Honestly, I had given up and I figured this was my true destiny. I'm glad to report that God never gives up on us! I'm sure that He spoke to me many times but on June 23, 2009 I was finally ready to listen. I woke up and had the thought "Get up and exercise". Anyone that knows me well knows this would have to be a God given thought! Yet, the thought wouldn't go away and I got up and used my stationary bike. Up until that point it had become a clothes hanger/dryer. I got on and felt like I was going to throw up and could barely do a mile. I ached all over and wondered why in the world I was purposely causing myself pain. The next day, the thought came again. For several months I was exercising about 4-6 times a week. I joined Ladies Workout Express and continued to feel motivated to MOVE.
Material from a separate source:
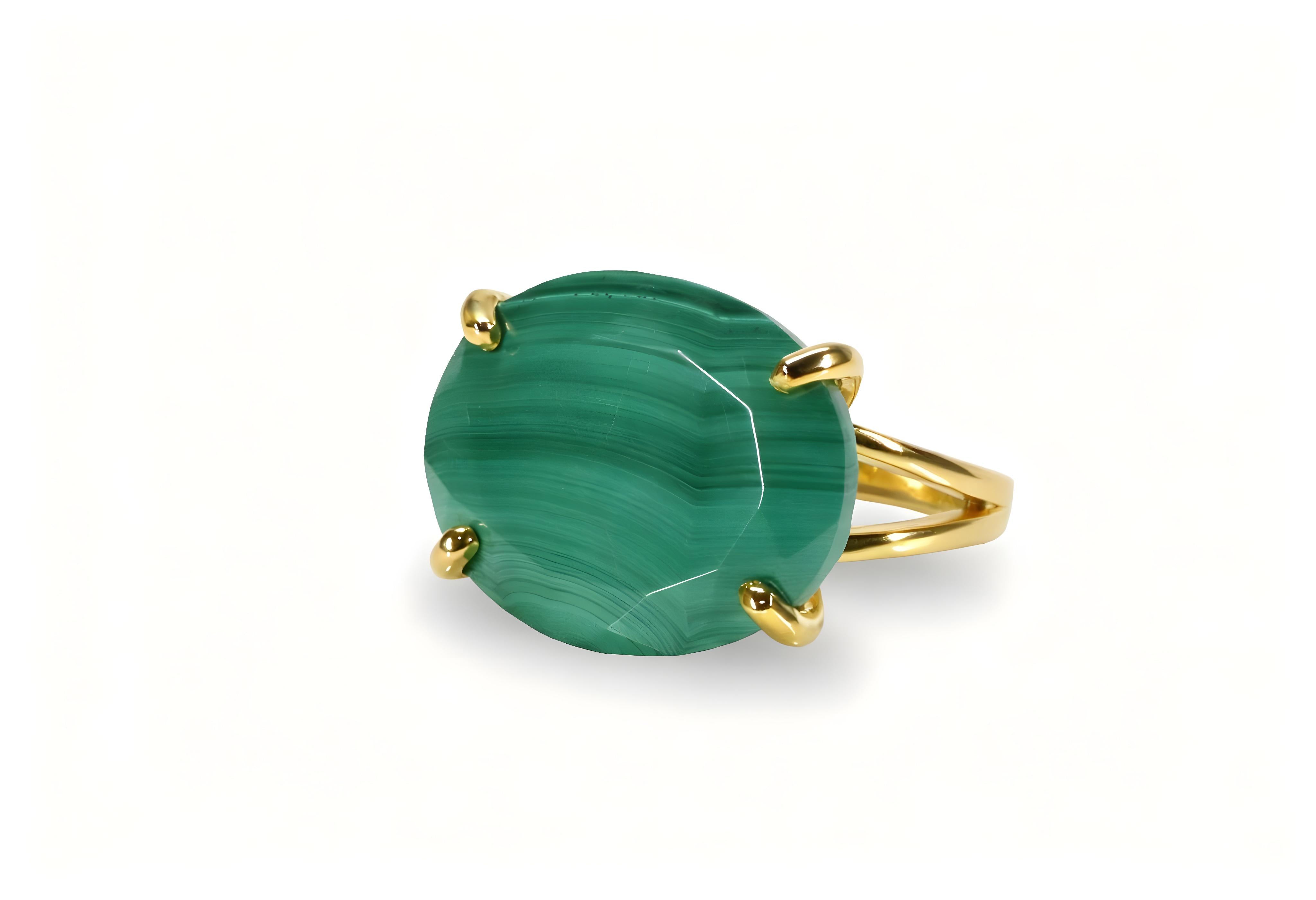 This vintage-style malachite ring features a smooth oval stone with natural banding that adds soft movement and depth to the design. Set in sterling silver 925, the clean and simple band highlights the rich green color of the gemstone without overwhelming it. The ring feels lightweight, comfortable, and easy to wear daily. With its classic shape and polished finish, it makes a thoughtful gift or a timeless addition to your jewelry box. Each ring is crafted to your selected size for a personal and seamless fit.
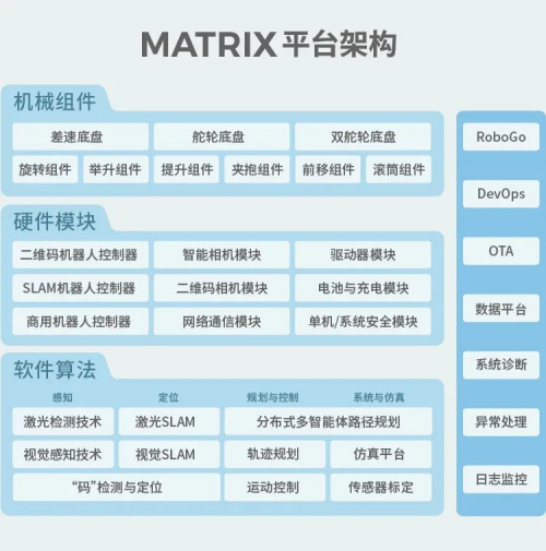 MATRIX,译作“矩阵”,常见于应用数学、计算机、物理等学科,是机器人的AI核心技术支撑。如果把极智嘉机器人产品比作枝叶和果实,那么MATRIX平台就如同树干,就是极智嘉全产品矩阵的发展根基。

Back in September I attended the MOPS International Convention in Nashville, TN. In the past Convention always meant a lot of walking and a LOT of pain. I consumed Tylenol like they were breath mints. However, this time was completely different! I was able to walk and not get out of breath. A few times I opted to use the stairs instead of the elevator. I was beginning to feel a bit more energy. My clothes were feeling a bit better and my smile was a bit bigger. I honestly wish I could say I had mastered the beast of lethargy, overeating and depression. At that time I had just scraped the surface. I didn't realize that I had so many hidden issues buried within my heart. I always knew that I'm an emotional eater but I didn't realize what triggers me. In October I could feel depression kicking in but I didn't have the tools to stop it. This coincided with my having opportunities to share my life story at Hearts in Touch and at a MOPS group. My biggest enemy was and is silence which is why I'm opening up now. I want to expose my struggles, fears, and needs. I have proven time and time again that I can't do this alone! I still don't have a grasp on what my emotional triggers are but I'm willing to work on finding out.

I'm getting a bit better at exercising but my frustration continues to grow. The scale has not moved much since June. I started at 236 lbs and now weigh 229 lbs. I was on some medications and that was part of the cause. Now that I now longer take that medicine I was hoping to see some weight loss and I haven't yet. It is very difficult to continue on the journey which seems to have no rewards. Thankfully, Cristina and Victoria have supported me since Day 1. They constantly ask me to exercise, or they will bring me another glass of water, or smile if I reach for a piece of candy. Sometimes they will even exercise with me and cheer me on. I am very grateful for them!

I happened to hear David Venable, a QVC host, say "Throw out your New Year's resolutions and let us stop focusing on what we have to lose and focus on what we have to gain this year." I have no idea what he was promoting but his words struck me! I want to focus on what God has in store for me and all that He wants me to gain through this process.